Yeah, I agree. It is a policy decision.

> > Can't we introduce some SRCU lock / unlock into
> > file_start_write() / file_end_write() and then invoke synchronize_srcu()
> > during checkpoint after removing ignore marks? It will be much cheaper as
> > we don't have to flush all dirty data to disk and also writes can keep
> > flowing while we wait for outstanding writes straddling checkpoint to
> > complete. What do you think?
> 
> Maybe, but this is not enough.
> Note that my patches [1] are overlapping fsnotify_mark_srcu with
> file_start_write(), so we would need to overlay fsnotify_mark_srcu
> with this new "modify SRCU".
> 
> [1] https://github.com/amir73il/linux/commits/fanotify_pre_content

Yes, I know that and frankly, that is what I find somewhat ugly :) I'd rather
have the "modify SRCU" cover the whole region we need - which means
including the generation of PRE_MODIFY event.

> > The checkpoint would then do:
> > start gathering changes for both T and T+1
> > clear ignore marks
> > synchronize_srcu()
> > stop gathering changes for T and report them
> >
> > And in this case we would not need POST_WRITE as an event.
> >
> 
> Why then give up on the POST_WRITE events idea?
> Don't you think it could work?

So as we are discussing, the POST_WRITE event is not useful when we want to
handle crash safety. And if we have some other mechanism (like SRCU) which
is able to guarantee crash safety, then what is the benefit of POST_WRITE?
I'm not against POST_WRITE, I just don't see much value in it if we have
another mechanism to deal with events straddling checkpoint.

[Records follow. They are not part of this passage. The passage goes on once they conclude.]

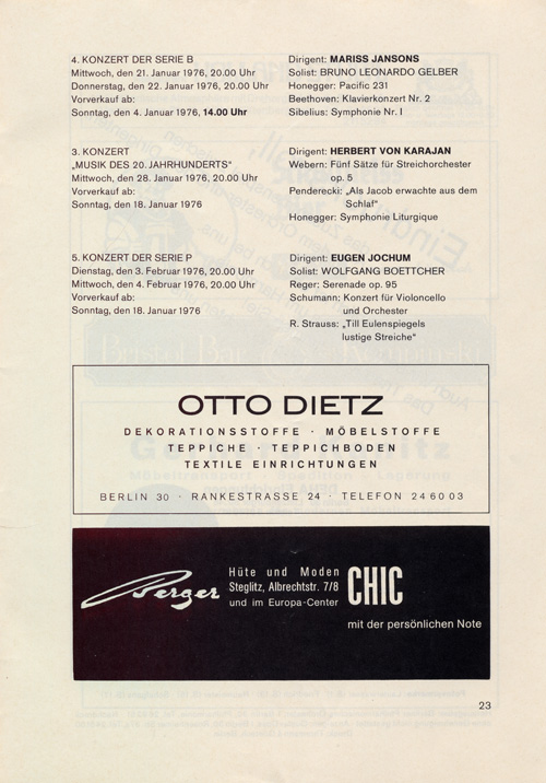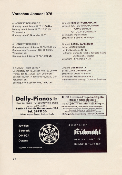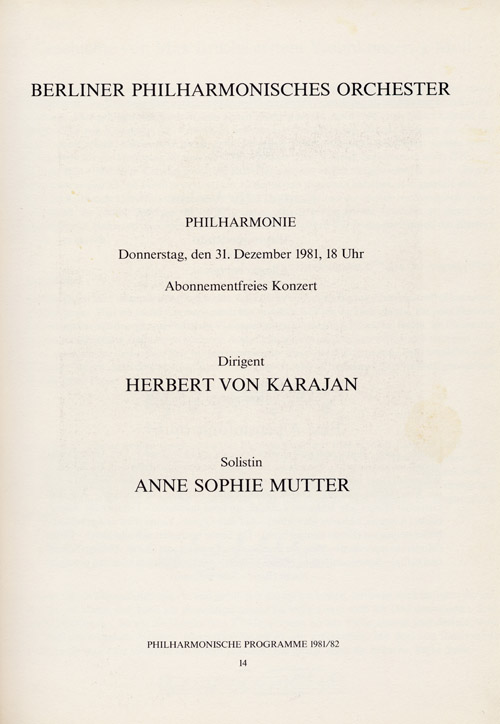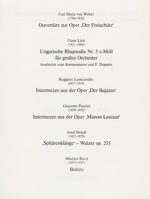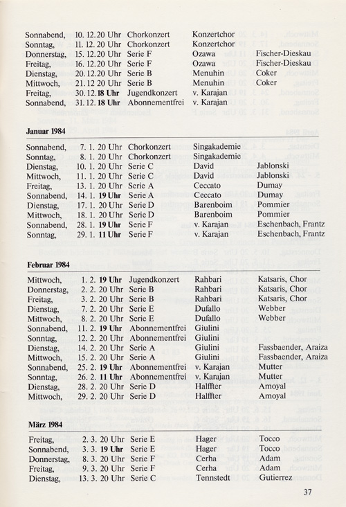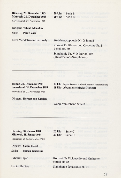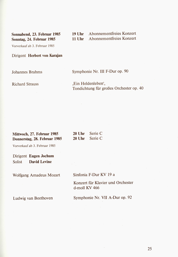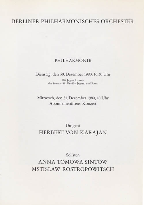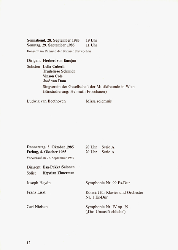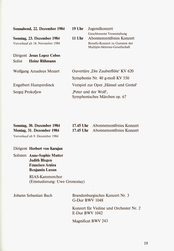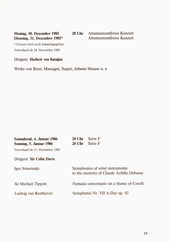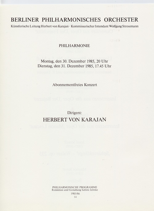 1985年12月30,31日ベルリンのフィルハーモニーにおける演奏会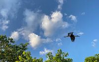 Koop dit vogel kunstwerk Wilde ooievaar vliegt over de jungle. van Floyd Angenent op canvas, aluminium dibond, (ingelijste) fotoprint, behang en ArtFrame, op maat geprint in Fine-Art kwaliteit.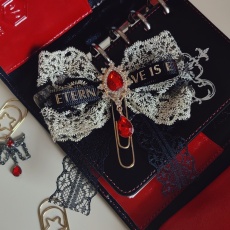 原创黑红蝴蝶结暗黑风哥特别针书签手帐绑带手帐本子A5678装饰

> > The technical problem I see is how to deal with AIO / io_uring because
> > SRCU needs to be released in the same context as it is acquired - that
> > would need to be consulted with Paul McKenney if we can make it work. And
> > another problem I see is that it might not be great to have this
> > system-wide as e.g. on networking filesystems or pipes writes can block for
> > really long.
> >
> > Final question is how to expose this to userspace because this
> > functionality would seem useful outside of filesystem notification space so
> > probably do not need to tie it to that.
> >
> > Or we could simplify our life somewhat and acquire SRCU when generating
> > PRE_WRITE and drop it when generating POST_WRITE. This would keep SRCU
> > within fsnotify and would mitigate the problems coming from system-wide
> > SRCU. OTOH it will create problems when PRE_WRITE gets generated and
> > POST_WRITE would not for some reason. Just branstorming here, I've not
> > really decided what's better...
> >
> 
> What if checkpoint only acquired (and released) exclusive sb_writers without
> flushing dirty data.
> Wouldn't that be equivalent to the synchronize_srcu() you suggested?

In terms of guarantees it would be equivalent. In terms of impact on the
system it will be considerably worse. Because SRCU allows new SRCU readers
to start while synchronize_srcu() is running - so in our case new writes
can freely run while we are waiting for pending writes to complete. So
impact of the synchronize_srcu() on system activity will be practically
unnoticeable. If we use sb_writers as you suggest, it will block all write
activity until all writes finish. Which can be significant amount of time
if you have e.g. write(1 GB of data) running.

								Honza
-- 
Jan Kara <jack@xxxxxxxx>
SUSE Labs, CR